### The problem
Set the data below down again, exactly, with every picture left out.

### Provided information
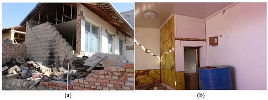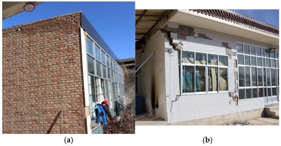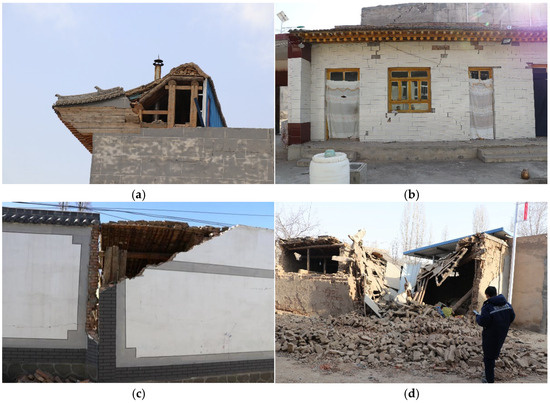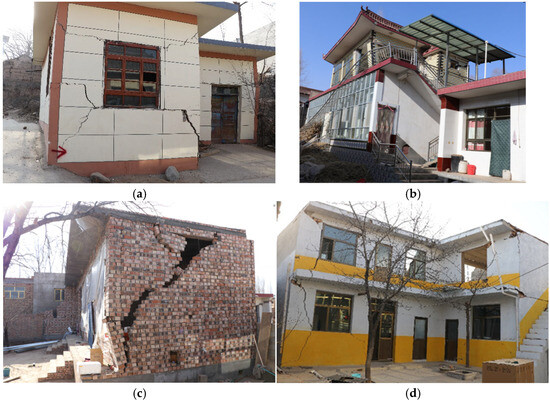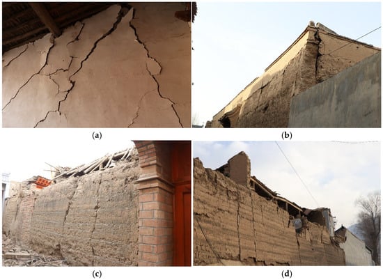 - The seismic damage to civil structures and brick–wood structures was similar. In general, these two structures accounted for 70–80% of the residential buildings, which were self-built by the residents. Generally, no seismic structural measures were set up, and the wooden roofs were mostly made of hard-ridge beams with an on-wall construction style. The architectural forms of the adobe civil structures were more complex. Mixed load-bearing walls of the wooden column/brick column–adobe walls and mixed load-bearing walls with the lower half being rammed earth walls and the upper half being adobe walls were more common. Therefore, the seismic damage to adobe civil structures was more serious than that to rammed-earth civil structures. The older residential buildings were mainly severely damaged and destroyed. The main seismic damage was wall-penetrating cross-cracks, the local collapse of load-bearing walls, the collapse of gables, or overall collapse. The residential buildings that were less than 15 years old were mainly moderately damaged and seriously damaged. The earthquake damage mainly included cracks under the purlin, roof falling, wall cracks, and local collapse of the load-bearing wall.
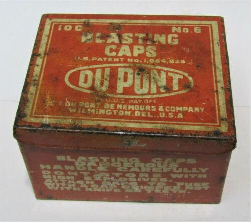Vintage DuPont Blasting Caps Box 100 - No. 6 Metal Tin Box
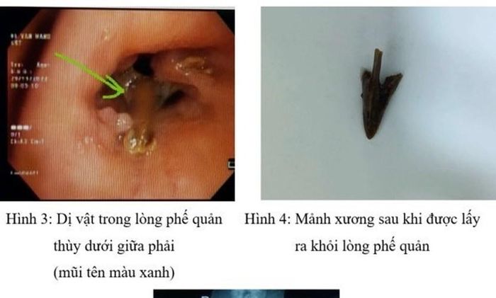 Bệnh nhân được điều trị kháng sinh tích cực, khi tình trạng nhiễm trùng ổn định, bệnh nhân được nội soi phế quản ống mềm, phát hiện dị vật là mảnh mỏ gà có kích thước lớn, hình dạng 3 cạnh thành sắc trong lòng phế quản thùy dưới phổi phải, một cạnh găm vào thành phế quản.
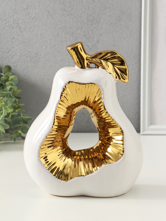 Фигура керамика «Срез груши», белый с золотом, 10×18×24.5 см
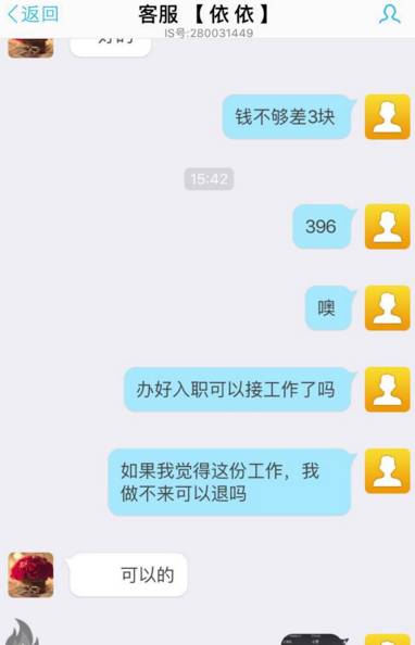 杨女士想在QQ上联系对接客服,但是没说到几句话正规网上兼职打字员,对方各种理由搪塞,最后消失了。
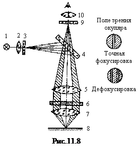 Более высокую точность фокусировки можно получить нониальным или биссекторным методом (рис. 11.8). Источник 1 через конденсор 2 освещает сетку 3 (например, прозрачный штрих на темном поле), которая зеркалом 4, линзой 5 и объективом 7 фокусируется на объект. Между линзой 5 и объективом 7 в автоколлимационной схеме располагают маску 6. Ее автоколлимационное отражение в плоскости сетки 9 наблюдается в окуляр 10. При точной фокусировке в поле зрения наблюдается один штрих. При неточной фокусировке отображение маски раздваивается и следует добиться нониального или биссекторного совмещения обоих штрихов.
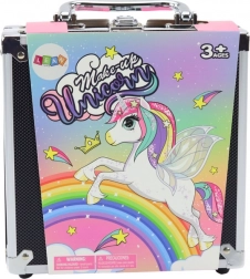 Elegáns, fekete kozmetikai készlet bőröndben, amely örömet szerez minden kis smink- és manikűrrajongónak. Tartalmaz színes szemhéjpúdereket (matt, szatén és brokátos), körömlakkokat, glittereket és praktikus kiegészítőket. A könnyű, könnyen hordozható bőrönd ideális utazáshoz és barátnős játékhoz. Remek ajándék 3+ éves gyermekeknek, fejleszti a kreativitást és a finommotorikát.
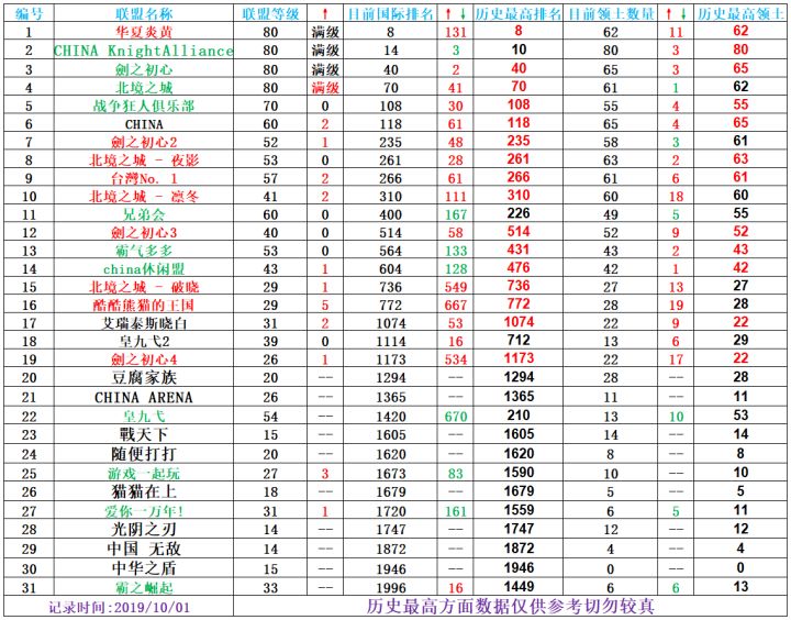【皇家起义2】国人联盟排名-2019.10.01

### Your solution
 - The seismic damage to civil structures and brick–wood structures was similar. In general, these two structures accounted for 70–80% of the residential buildings, which were self-built by the residents. Generally, no seismic structural measures were set up, and the wooden roofs were mostly made of hard-ridge beams with an on-wall construction style. The architectural forms of the adobe civil structures were more complex. Mixed load-bearing walls of the wooden column/brick column–adobe walls and mixed load-bearing walls with the lower half being rammed earth walls and the upper half being adobe walls were more common. Therefore, the seismic damage to adobe civil structures was more serious than that to rammed-earth civil structures. The older residential buildings were mainly severely damaged and destroyed. The main seismic damage was wall-penetrating cross-cracks, the local collapse of load-bearing walls, the collapse of gables, or overall collapse. The residential buildings that were less than 15 years old were mainly moderately damaged and seriously damaged. The earthquake damage mainly included cracks under the purlin, roof falling, wall cracks, and local collapse of the load-bearing wall.
Vintage DuPont Blasting Caps Box 100 - No. 6 Metal Tin Box
 Bệnh nhân được điều trị kháng sinh tích cực, khi tình trạng nhiễm trùng ổn định, bệnh nhân được nội soi phế quản ống mềm, phát hiện dị vật là mảnh mỏ gà có kích thước lớn, hình dạng 3 cạnh thành sắc trong lòng phế quản thùy dưới phổi phải, một cạnh găm vào thành phế quản.
 Фигура керамика «Срез груши», белый с золотом, 10×18×24.5 см
 杨女士想在QQ上联系对接客服,但是没说到几句话正规网上兼职打字员,对方各种理由搪塞,最后消失了。
 Более высокую точность фокусировки можно получить нониальным или биссекторным методом (рис. 11.8). Источник 1 через конденсор 2 освещает сетку 3 (например, прозрачный штрих на темном поле), которая зеркалом 4, линзой 5 и объективом 7 фокусируется на объект. Между линзой 5 и объективом 7 в автоколлимационной схеме располагают маску 6. Ее автоколлимационное отражение в плоскости сетки 9 наблюдается в окуляр 10. При точной фокусировке в поле зрения наблюдается один штрих. При неточной фокусировке отображение маски раздваивается и следует добиться нониального или биссекторного совмещения обоих штрихов.
 Elegáns, fekete kozmetikai készlet bőröndben, amely örömet szerez minden kis smink- és manikűrrajongónak. Tartalmaz színes szemhéjpúdereket (matt, szatén és brokátos), körömlakkokat, glittereket és praktikus kiegészítőket. A könnyű, könnyen hordozható bőrönd ideális utazáshoz és barátnős játékhoz. Remek ajándék 3+ éves gyermekeknek, fejleszti a kreativitást és a finommotorikát.
【皇家起义2】国人联盟排名-2019.10.01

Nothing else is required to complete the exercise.